> What to do: In your copy, set down the entries exactly and exclude the pictures.
-=-=-=-=-
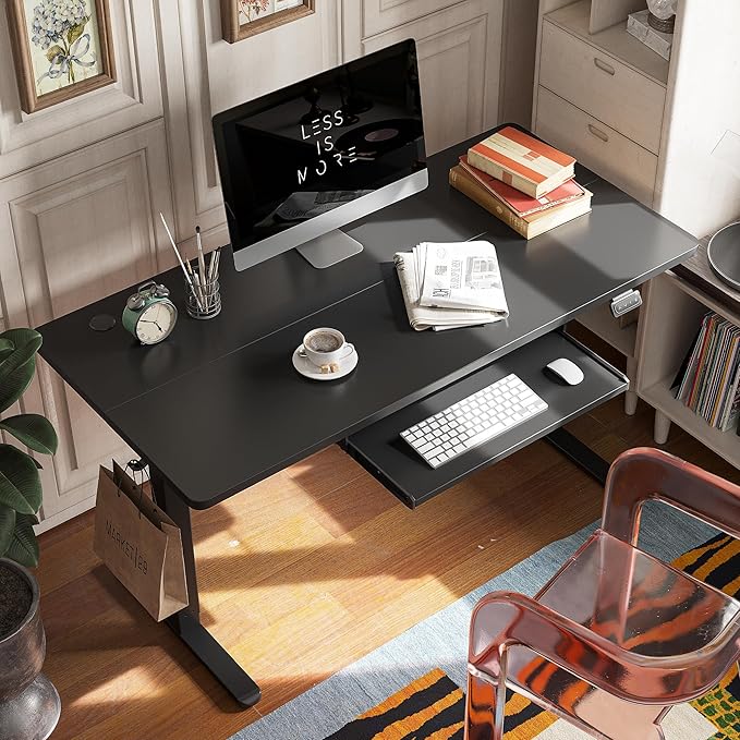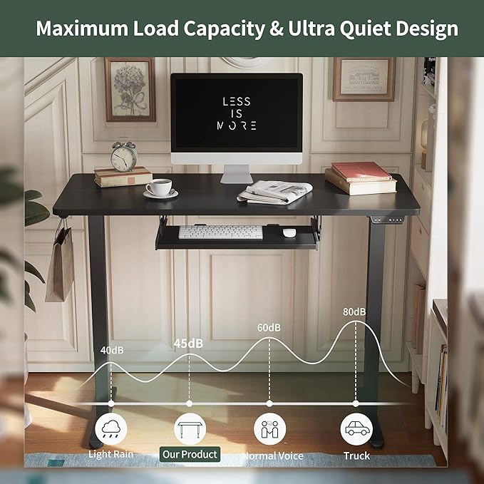- Exclusively Designed Keyboard Tray & Hooks: The stand up desk is configured with a slide-out keyboard tray (23.2'' X 9.8''). Under table hooks (2pcs) are also included. You could enjoy a larger and tidier desktop space
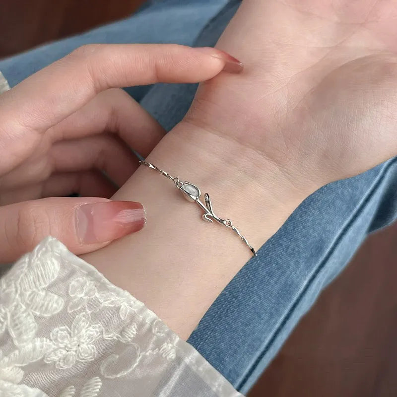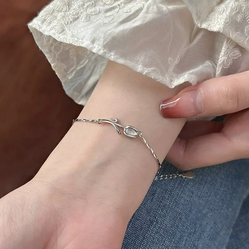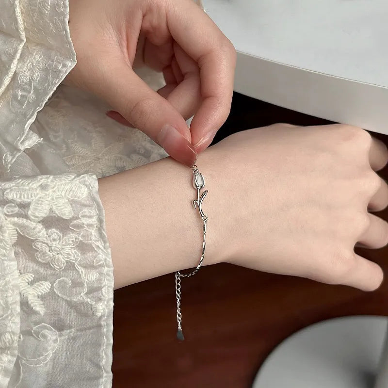 Delicately crafted from genuine 925 sterling silver, this vintage tulip bracelet adds a charming bohemian touch to any outfit. Featuring a simple geometric design inspired by blooming tulips, it’s the perfect accessory for daily wear or a thoughtful gift for a best friend. The lightweight construction ensures comfort all day long, while the PVD gold plating enhances durability and shine. Whether worn solo or layered in a bracelet stack, this piece brings elegance and individuality to your jewelry collection. A timeless choice for women who appreciate subtle, nature-inspired design.
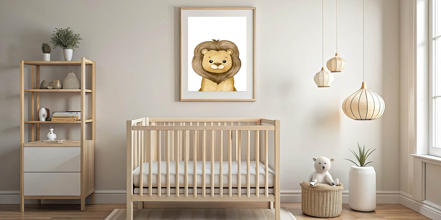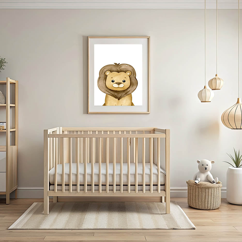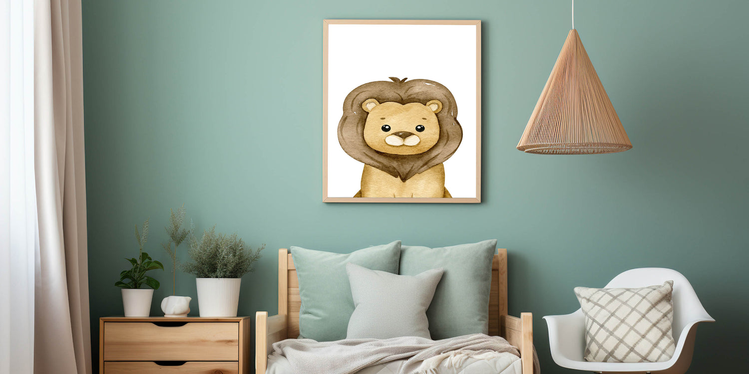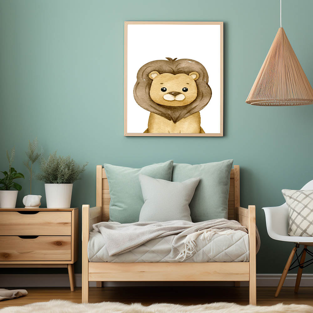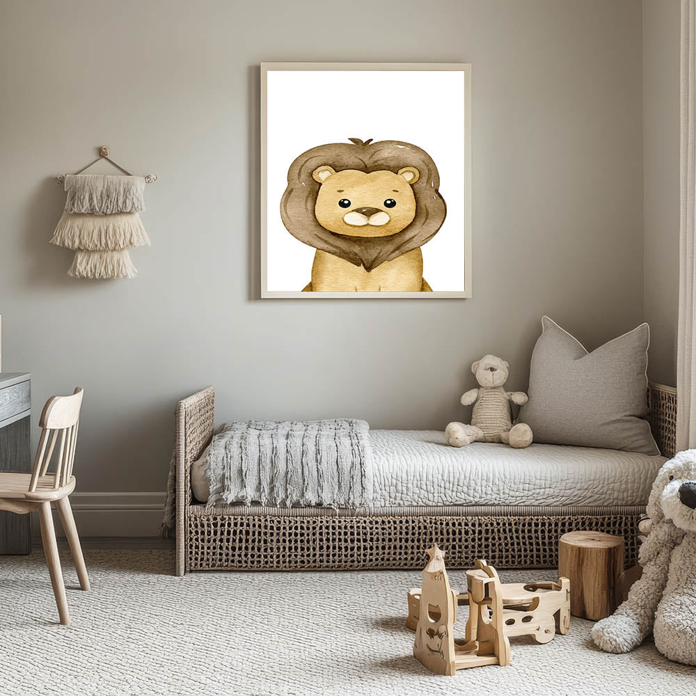 Framed Canvas Art for Children – Cute Watercolor Lion Print
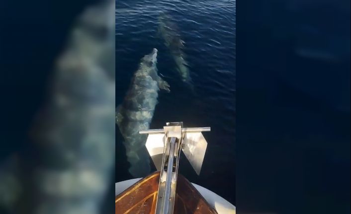 Tekirdağ’ın Marmaraereğlisi ilçesi açıklarında denize açılan bir tekne, kendisine eşlik eden iki yunusla karşılaştı.
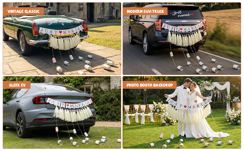 【إعداد سريع في دقائق - لا حاجة لأي أدوات】 يمكن أن يأتي كل منها مثقوبًا مسبقًا لسهولة الربط، والتصميم خفيف الوزن لن يخدش سيارتك. ما عليك سوى ربطها وتعليقها ولصقها - ستكون جاهزًا للتدحرج في أقل من 10 دقائق. مثالي للعرائس والعرسان المشغولين الذين يرغبون في مشهد توديع فوري وجميل.
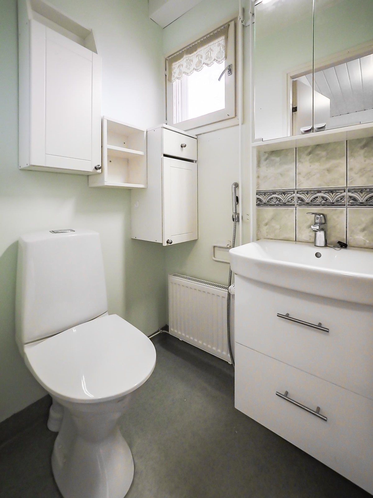 - Sauna, sähkökiuas, kylpyhuone, erillinen wc, suihku, suihkuseinä, peilit, peilikaappi, kaapit, allaskaappi, pesukoneliitäntä, lattialämmitys, kiinteät valaisimet. WC:n kalusteet uusittu noin 2 v. sitten
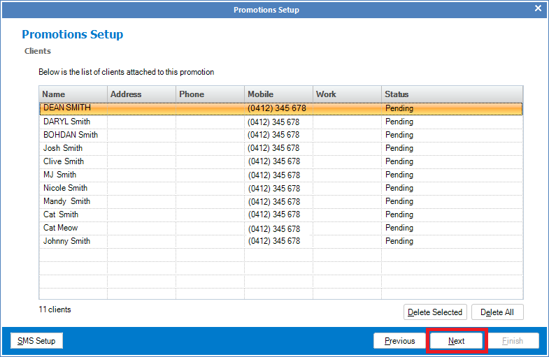 Step 4: This window will show you all the clients you have added to this promotion. You are able to select clients and delete them by clicking on the client's name then clicking on the Delete Selected button. Once you are sure, click Next.
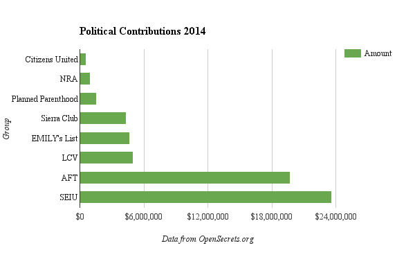The American Federation of Teachers contributed $19 million to candidates and PACs last year, while the Service Employees International Union, which has endorsed Clinton, spent more than $23 million on political contributions.
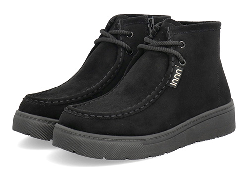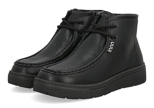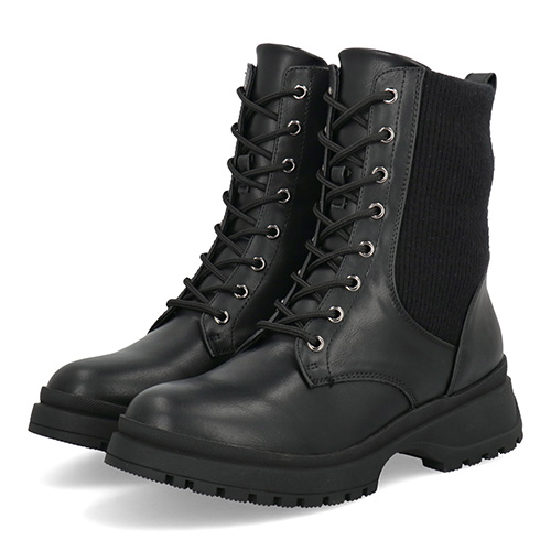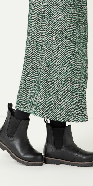秋口から使える丁度良い丈感が魅力のミドルブーツは、艶やかなブラックで足元を引き締めてくれます。強めの印象のラギットソールをすっきりと女性らしくアレンジすることで、オールマイティなスタイルに。
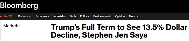 这位总部位于伦敦的资产管理公司Eurizon的首席执行官——以其“美元微笑”理论而闻名——押注美元指数在美国总统特朗普(Donald Trump)剩余的总统任期内将进一步下跌13.5%。
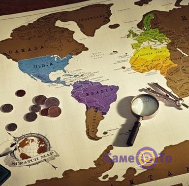 Скретч-карта світу «Travel Scratch Map Gold» (російською мовою) - це хороший подарунок для будь-якого мандрівника або просто для людини, який цікавиться географією.
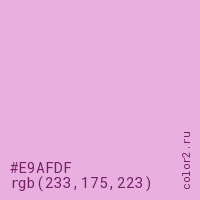Цвет #E9AFDF в цветовой модели RGB обозначается тремя октетами (233, 175, 223) в десятичном формате и #E9AFDF в шестнадцатиричном (hex) формате, которые являются интенсивностью красного 233 (hex E9), интенсивность зелёного 175 (hex AF) и интенсивность синего 223 (hex DF).
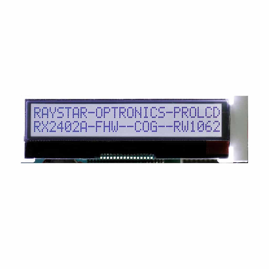 The RX2402A Chip-On-Glass series of character displays is a standard range produced by Raystar Optronics, and is a range designed for the industrial market. Available in either STN or FSTN technologies, customers can also choose if they require a reflective, transflective or transmissive polariser as well as a choice of LED backlight colour (if a backlight is required). Using the RW1062 controller, customers can also select which font type they require, from English/Japanese, English/European or English/Cyrillic
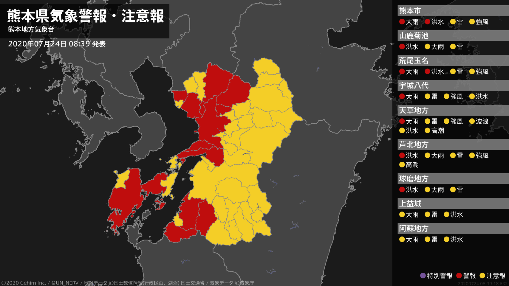 【熊本県 気象警報 2020年07月24日 08:39】熊本、天草・芦北地方では、24日夕方まで低い土地の浸水に警戒してください。熊本、天草・芦北、球磨地方では、24日夜のはじめ頃まで河川の増水に警戒してください。#気象警報 #気象警報注意報 #熊本県
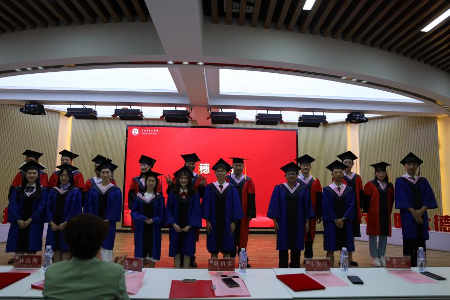 典礼伊始,首先我院副院长林海燕宣读获得硕士学位、学士学位毕业生名单;副院长牛俊伟宣读2023届优秀毕业生表彰决定。学院学位委员会为获得硕士学位、学士学位毕业生援正流苏。
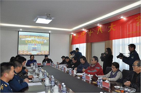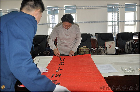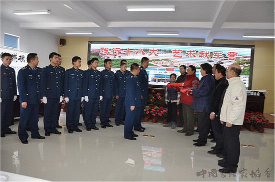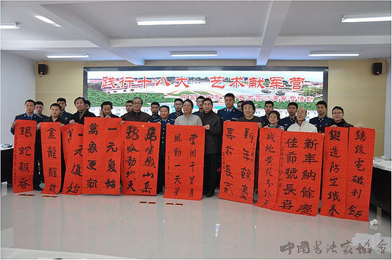 為貫徹黨的十八大精神,秉承中國書法家協(xié)會中央國家機關分會送溫暖下基層一貫作風,于2012年12月月23號上午10點由中國書法家協(xié)會中直分會組織的書法藝術家一行,冒著零下十多度的嚴寒,不辭辛苦來到北京市通州區(qū)三間房空軍某部慰問人民子弟兵。中國書協(xié)理事、中直分會副會長楊秉延,張杰,中國書協(xié)培訓中心書記、中直分會副秘書長章巧診,中國書法家協(xié)會網(wǎng)編輯部副主任、中直分會副秘書長邵玉祥,中國金融書法家協(xié)會副主席兼秘書長韓啟超,通州區(qū)民政局書記、雙擁辦主任儲懷森,中國人民解放軍93656部隊蔡斌團長,王彥軍政委,書法家王昌寧、蘭可模、鞏法根、楊佐桓、王靖以及新聞媒體的朋友們參加了此次慰問活動。
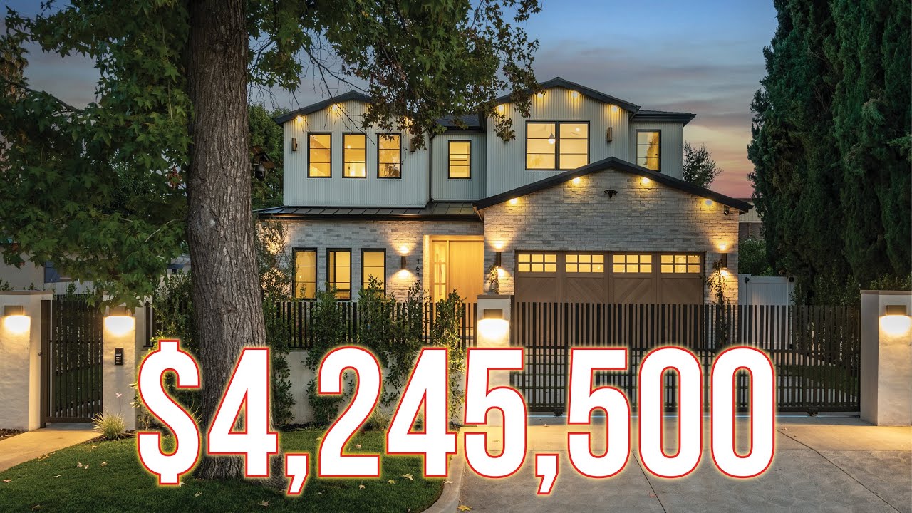 Welcome to this exquisite new construction home situated on a quiet tree-lined street just North of the Boulevard, in a highly desirable Encino neighborhood. This property boasts a sprawling open concept main house with five beds and six baths, and a one bed, one bath ADU. Designed for the most discerning of chef’s, the gourmet kitchen comes equipped with top-of-the-line Thermador appliances and a massive island with seating. Adjacent is a living room, which features a sleek fireplace surrounded by built-ins, and a formal dining room with a wine wall. An oversized sliding glass door opens to the serene backyard retreat, allowing you to enjoy indoor/outdoor living year round. Take a dip in the refreshing pool/spa or gather around the fire pit to warm up on a cool winter evening. Additionally, outside you will find an outdoor kitchenette, low maintenance artificial turf yard and privacy hedges that surround the property. Upstairs there are four ensuite bedrooms, each with its own walk-in closet, and a laundry room. The luxe primary suite is your personal oasis, complete with a cozy fireplace, vaulted ceilings, a custom walk-in closet and sumptuous bathroom that includes a soaking tub, double vanity and separate makeup vanity. The spacious ADU consists of a living room, full kitchen, one bed and one bath. Utilize the space as an office, gym, separate living space for family/guests or rent it out for additional income, the possibilities are endless. Further amenities include a home theater, main level ensuite bedroom, high ceilings throughout, smart home features, a security system, mudroom, two car garage and gated driveway. This prime location offers easy access to the Valley/Westside and is walking distance to Ventura Boulevard.
-=-=-=-=-
> Finished task:
- Exclusively Designed Keyboard Tray & Hooks: The stand up desk is configured with a slide-out keyboard tray (23.2'' X 9.8''). Under table hooks (2pcs) are also included. You could enjoy a larger and tidier desktop space
 Delicately crafted from genuine 925 sterling silver, this vintage tulip bracelet adds a charming bohemian touch to any outfit. Featuring a simple geometric design inspired by blooming tulips, it’s the perfect accessory for daily wear or a thoughtful gift for a best friend. The lightweight construction ensures comfort all day long, while the PVD gold plating enhances durability and shine. Whether worn solo or layered in a bracelet stack, this piece brings elegance and individuality to your jewelry collection. A timeless choice for women who appreciate subtle, nature-inspired design.
 Framed Canvas Art for Children – Cute Watercolor Lion Print
 Tekirdağ’ın Marmaraereğlisi ilçesi açıklarında denize açılan bir tekne, kendisine eşlik eden iki yunusla karşılaştı.
 【إعداد سريع في دقائق - لا حاجة لأي أدوات】 يمكن أن يأتي كل منها مثقوبًا مسبقًا لسهولة الربط، والتصميم خفيف الوزن لن يخدش سيارتك. ما عليك سوى ربطها وتعليقها ولصقها - ستكون جاهزًا للتدحرج في أقل من 10 دقائق. مثالي للعرائس والعرسان المشغولين الذين يرغبون في مشهد توديع فوري وجميل.
 - Sauna, sähkökiuas, kylpyhuone, erillinen wc, suihku, suihkuseinä, peilit, peilikaappi, kaapit, allaskaappi, pesukoneliitäntä, lattialämmitys, kiinteät valaisimet. WC:n kalusteet uusittu noin 2 v. sitten
 Step 4: This window will show you all the clients you have added to this promotion. You are able to select clients and delete them by clicking on the client's name then clicking on the Delete Selected button. Once you are sure, click Next.
The American Federation of Teachers contributed $19 million to candidates and PACs last year, while the Service Employees International Union, which has endorsed Clinton, spent more than $23 million on political contributions.
秋口から使える丁度良い丈感が魅力のミドルブーツは、艶やかなブラックで足元を引き締めてくれます。強めの印象のラギットソールをすっきりと女性らしくアレンジすることで、オールマイティなスタイルに。
 这位总部位于伦敦的资产管理公司Eurizon的首席执行官——以其“美元微笑”理论而闻名——押注美元指数在美国总统特朗普(Donald Trump)剩余的总统任期内将进一步下跌13.5%。
 Скретч-карта світу «Travel Scratch Map Gold» (російською мовою) - це хороший подарунок для будь-якого мандрівника або просто для людини, який цікавиться географією.
Цвет #E9AFDF в цветовой модели RGB обозначается тремя октетами (233, 175, 223) в десятичном формате и #E9AFDF в шестнадцатиричном (hex) формате, которые являются интенсивностью красного 233 (hex E9), интенсивность зелёного 175 (hex AF) и интенсивность синего 223 (hex DF).
 The RX2402A Chip-On-Glass series of character displays is a standard range produced by Raystar Optronics, and is a range designed for the industrial market. Available in either STN or FSTN technologies, customers can also choose if they require a reflective, transflective or transmissive polariser as well as a choice of LED backlight colour (if a backlight is required). Using the RW1062 controller, customers can also select which font type they require, from English/Japanese, English/European or English/Cyrillic
 【熊本県 気象警報 2020年07月24日 08:39】熊本、天草・芦北地方では、24日夕方まで低い土地の浸水に警戒してください。熊本、天草・芦北、球磨地方では、24日夜のはじめ頃まで河川の増水に警戒してください。#気象警報 #気象警報注意報 #熊本県
 典礼伊始,首先我院副院长林海燕宣读获得硕士学位、学士学位毕业生名单;副院长牛俊伟宣读2023届优秀毕业生表彰决定。学院学位委员会为获得硕士学位、学士学位毕业生援正流苏。
 為貫徹黨的十八大精神,秉承中國書法家協(xié)會中央國家機關分會送溫暖下基層一貫作風,于2012年12月月23號上午10點由中國書法家協(xié)會中直分會組織的書法藝術家一行,冒著零下十多度的嚴寒,不辭辛苦來到北京市通州區(qū)三間房空軍某部慰問人民子弟兵。中國書協(xié)理事、中直分會副會長楊秉延,張杰,中國書協(xié)培訓中心書記、中直分會副秘書長章巧診,中國書法家協(xié)會網(wǎng)編輯部副主任、中直分會副秘書長邵玉祥,中國金融書法家協(xié)會副主席兼秘書長韓啟超,通州區(qū)民政局書記、雙擁辦主任儲懷森,中國人民解放軍93656部隊蔡斌團長,王彥軍政委,書法家王昌寧、蘭可模、鞏法根、楊佐桓、王靖以及新聞媒體的朋友們參加了此次慰問活動。
 Welcome to this exquisite new construction home situated on a quiet tree-lined street just North of the Boulevard, in a highly desirable Encino neighborhood. This property boasts a sprawling open concept main house with five beds and six baths, and a one bed, one bath ADU. Designed for the most discerning of chef’s, the gourmet kitchen comes equipped with top-of-the-line Thermador appliances and a massive island with seating. Adjacent is a living room, which features a sleek fireplace surrounded by built-ins, and a formal dining room with a wine wall. An oversized sliding glass door opens to the serene backyard retreat, allowing you to enjoy indoor/outdoor living year round. Take a dip in the refreshing pool/spa or gather around the fire pit to warm up on a cool winter evening. Additionally, outside you will find an outdoor kitchenette, low maintenance artificial turf yard and privacy hedges that surround the property. Upstairs there are four ensuite bedrooms, each with its own walk-in closet, and a laundry room. The luxe primary suite is your personal oasis, complete with a cozy fireplace, vaulted ceilings, a custom walk-in closet and sumptuous bathroom that includes a soaking tub, double vanity and separate makeup vanity. The spacious ADU consists of a living room, full kitchen, one bed and one bath. Utilize the space as an office, gym, separate living space for family/guests or rent it out for additional income, the possibilities are endless. Further amenities include a home theater, main level ensuite bedroom, high ceilings throughout, smart home features, a security system, mudroom, two car garage and gated driveway. This prime location offers easy access to the Valley/Westside and is walking distance to Ventura Boulevard.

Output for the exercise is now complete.